This is a photo of our local emergency room with empty triage tents outside of it, taken from inside our car. We were passing by on our way home from getting drive-through flu shots which we could get because our insurance is really good and our doctors are very caring. Somehow everything about this picture sums up for me how we have access to ways to take care of our health that other people don't get. Black and brown and poor people are dying at so much higher rates. Even when wealthy white people like the president and his entourage get sick, they don't even think it's a big deal because they are already insulated and pampered, and can get expensive, cutting edge medical treatment with no problem. If all of us tried to keep each other safe, and if essential workers got excellent care and protection, we'd see a very different pattern.
October 7, 2020
This past week I put my dog in the car and went up to Empire, Michigan to take pictures and look for pretty rocks and fossils. I wanted to see how well [she] travels. She did fine. I was a bit anxious, though, I didn't need to be. She did accidentally lock me out of the hotel room. I went to the car, which was parked right outside the door, jumped up on the door, and turned the dead bolt. Inside the room were my keys and my phone. Other guests called the owners several times.
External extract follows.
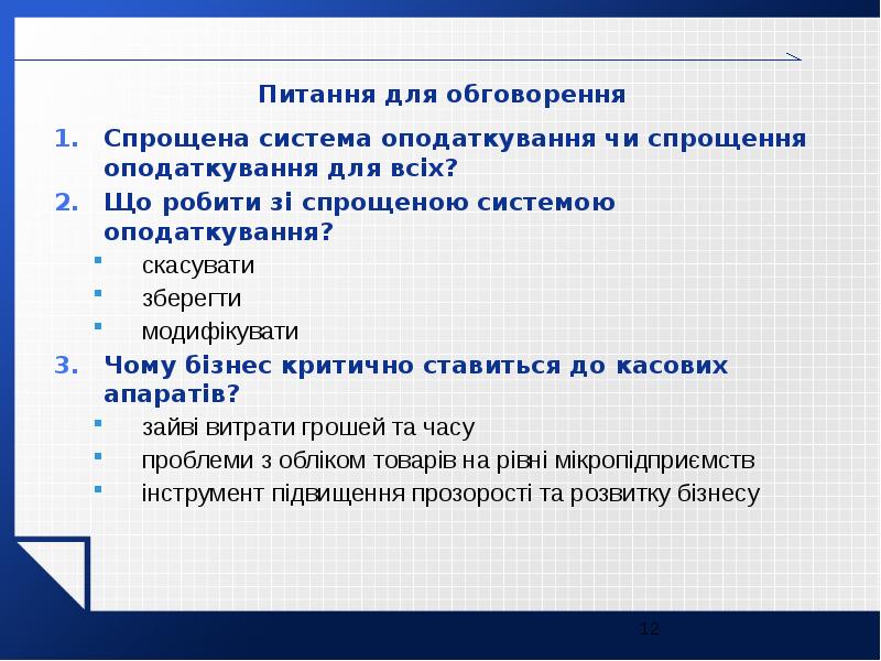 - 12. Питання для обговорення Питання для обговорення Спрощена система оподаткування чи спрощення
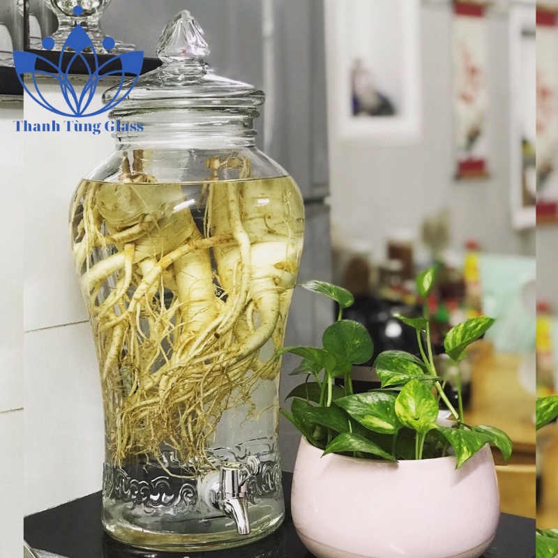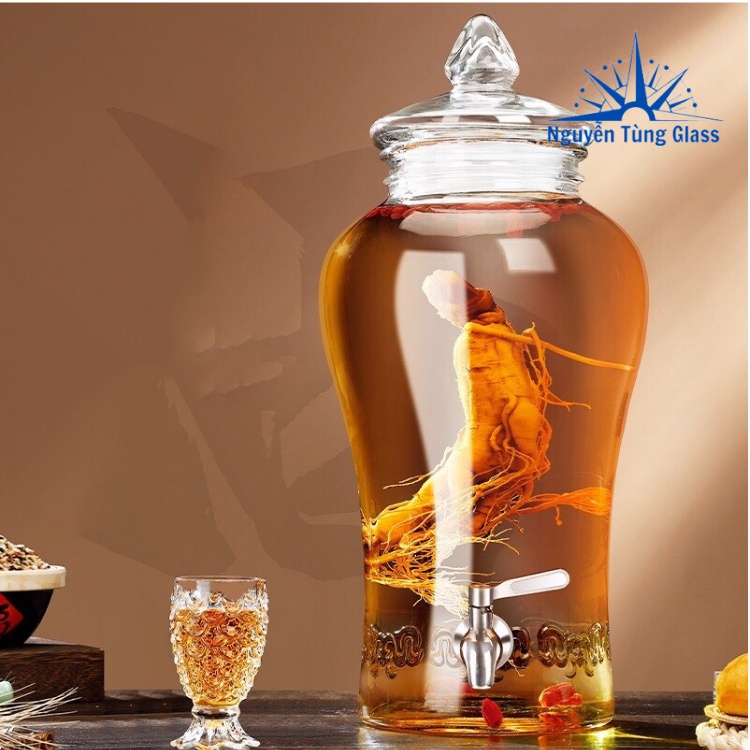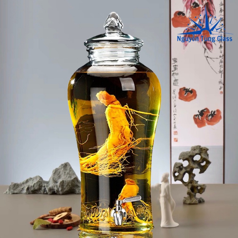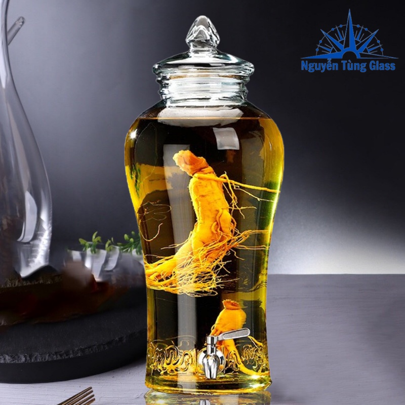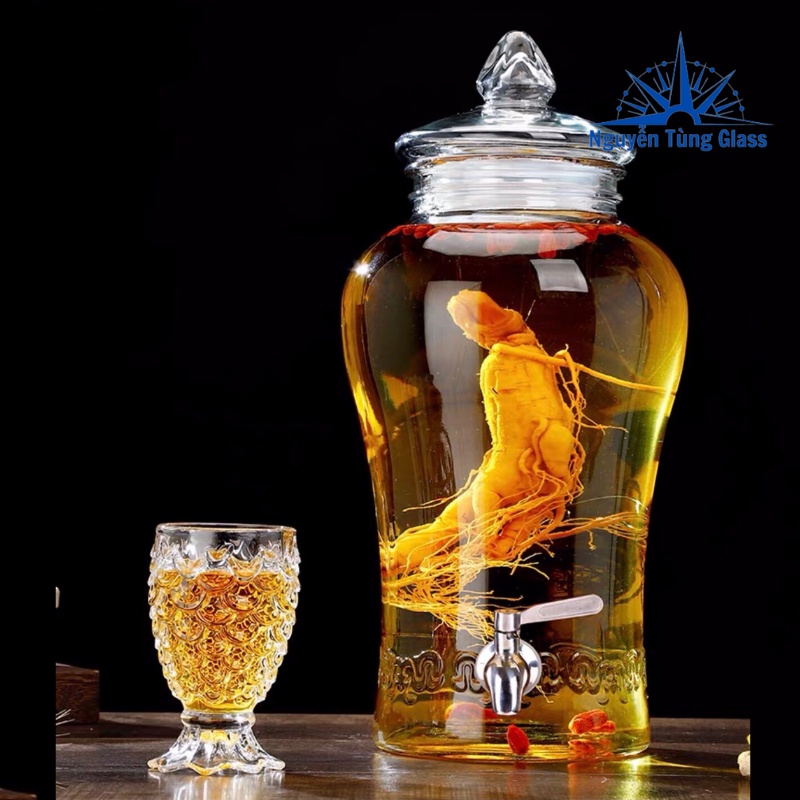 Bình Ngâm Rượu Sâm hoa văn chân mây Thủy Tinh 6 lít . có van & không van

As soon as they got the voicemails, they phoned to say they would be there soon. It was cold and very windy up north, but I got a few good pictures. It was too cold to do any serious fossil hunting along Lake Michigan's shores. But going up there marked a further nudge into normalcy. I woke up this morning to find we had had our first frost, so it's time to bring in the green tomatoes in the hopes they will ripen on the counter top. And I promised a friend that I would collect marigold flowers and freeze them. Her daughter makes dye from them. I wonder how long this bubble of normal will last before a new variant scratches at our warped sense of reality.